И какой же русский не любит быстрой езды? Его ли душе, стремящейся закружиться, загуляться, сказать иногда: “чорт побери всё!” его ли душе не любить ее? Ее ли не любить, когда в ней слышится что-то восторженно-чудное? Кажись, неведомая сила подхватила тебя на крыло к себе, и сам летишь, и всё летит…
Слышите музыку “Ревизора”? Слышите сотрясение смеха в этом описании быстрой езды? И всё летит, и сам летишь… Смех у Гоголя – такое же восторженно-чудное состояние, не дающее жизни застыть, душе остановиться, опрокидывающее законы всемирного тяготения, сулящее простор и свободу. Смех – это исчезновение материи. Смеясь, мы не просто трясемся, но и, бывает, летим, уносимся, выскакиваем из тела, испаряемся и, может быть даже, на время расстаемся с душой. “…Что-то страшное заключено в сем быстром мельканьи, где не успевает означиться пропадающий предмет…” Но и блаженное также. Смех у Гоголя это духовное опьянение, которого так жаждет русская земля.
У нас у всех много иронии. Она видна в наших пословицах и песнях, и, что всего изумительней, часто там, где видимо страждет душа и не расположена вовсе к веселости. Глубина этой самобытной иронии еще перед нами не разоблачилась, потому что, воспитываясь всеми европейскими воспитаньями, мы и тут отдалились от родного корня. Наклонность к иронии, однако ж, удержалась, хотя и не в той форме. Трудно найти русского человека, в котором бы не соединялось, вместе с уменьем пред чем-нибудь истинно возблагоговеть, свойство – над чем-нибудь истинно посмеяться. Все наши поэты заключали в себе это свойство.
Всё смеется у нас одно над другим, и есть уже внутри самой земли нашей что-то смеющееся над всем равно, над стариной и над новизной, и благоговеющее только пред одним нестареющим и вечным.
Всё это он утверждал в “Выбранных местах из переписки с друзьями”, докапываясь до корня, до сути – “В чем же, наконец, существо русской поэзии и в чем ее особенность” (1846).
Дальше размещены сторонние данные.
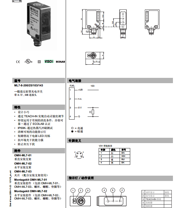 ML7-8-200/25/103/143,漫反射型傳感器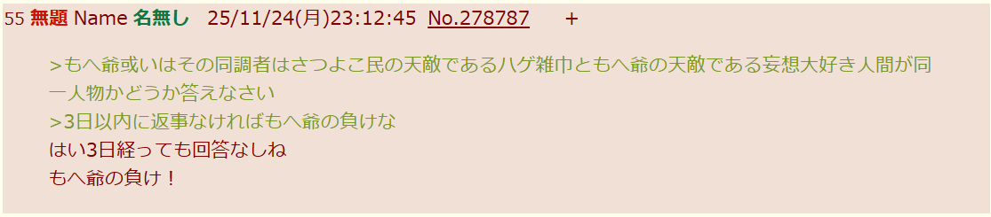 | … | 16無念Nameとしあき25/11/24(月)23:49:01No.1368559846そうだねx3 1763995741331.png-(45197 B) 粘着相手のいない場所でコソコソ条件出して勝利宣言 |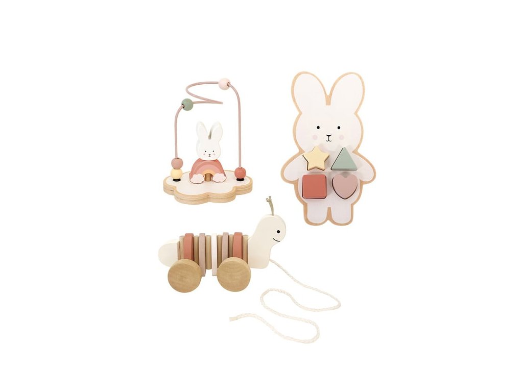 Darčeková sada drevených hračiek so zajačikom – ideálny darček pre bábätko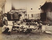 Vrouwen bezig met batik te Soerakarta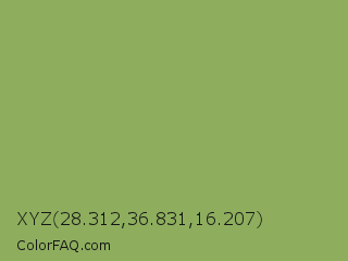 XYZ 28.312,36.831,16.207 Color is a normal green color and the nearest color is Chelsea Cucumber #83aa5d. Hex code #8eae5e and RGB value is rgb(142,174,94). In RGB color space, this color is composed of 56% red, 68% green, 37% blue, In CMYK color space, this color is composed of 18% cyan, 0% magenta, 46% yellow , 32% black , In HSL color space, this color has a hue angle of 84° , 33% saturation and 53% lightness.

Уже ничто не влекло его в эту пору назад, к комическому искусству, и смех давно остыл в его душе. Гоголь был мертв. И все-таки не мог он, разбираясь в вещах окончательно, не попытаться выявить смех в максимальном его значении, подведя к самому дальнему берегу и барьеру “вечного и нестареющего” и привязав к самому глубокому и драгоценному корню – родного народа, русской земли. Тот народ и земля, напомним, для Гоголя тогда составляли последнюю и единственную крепость дела Божьего на земле, служили прообразом небесной отчизны. И вот в недрах этой крепости, в глубине богоизбранного племени, он углядел смех и не побоялся сказать об этом в полный голос. Значит, смех означает для Гоголя и для всей России действительно что-то огромное, если не самое главное. Значит, смех – это сердце наше?.. Да, он поставил предел смеху и уравновесил его столь же исконным нашим свойством – “уменьем пред чем-нибудь истинно возблагоговеть”. Пред чем? Пред вечным и нестареющим? Но что здесь вечно и что не стареет на земле?..
Говоря по правде, с благоговением дело темное. Это еще надо доказать, подождать. Это еще неизвестно… Дай-то Бог!.. Будем надеяться… Но от смеха-то нам во всяком случае уже не отвертеться, когда Гоголь в такую пору так о нем пропечатал. Монахом, аскетом, ткнул нас лицом – в смех. Душа замирает…
И всё же предел, положенный смеху, был выбран им не по соображениям только законности, осторожности и надежды, что Россия еще себя покажет. Небо – естественная граница смеха. Не потому, что над небом смеяться нельзя, запрещено (над чем не посмеется русский человек? и где у него границы дозволенного?). А потому, что там, где нет материи, нечего отряхать и нечему исчезать. Если небо – сама полнота, сама высота, сама свобода (и, может быть, сам смех), что там делать нашему смеху? Только – устремляться туда. В смехе мы срываемся с места – к небу.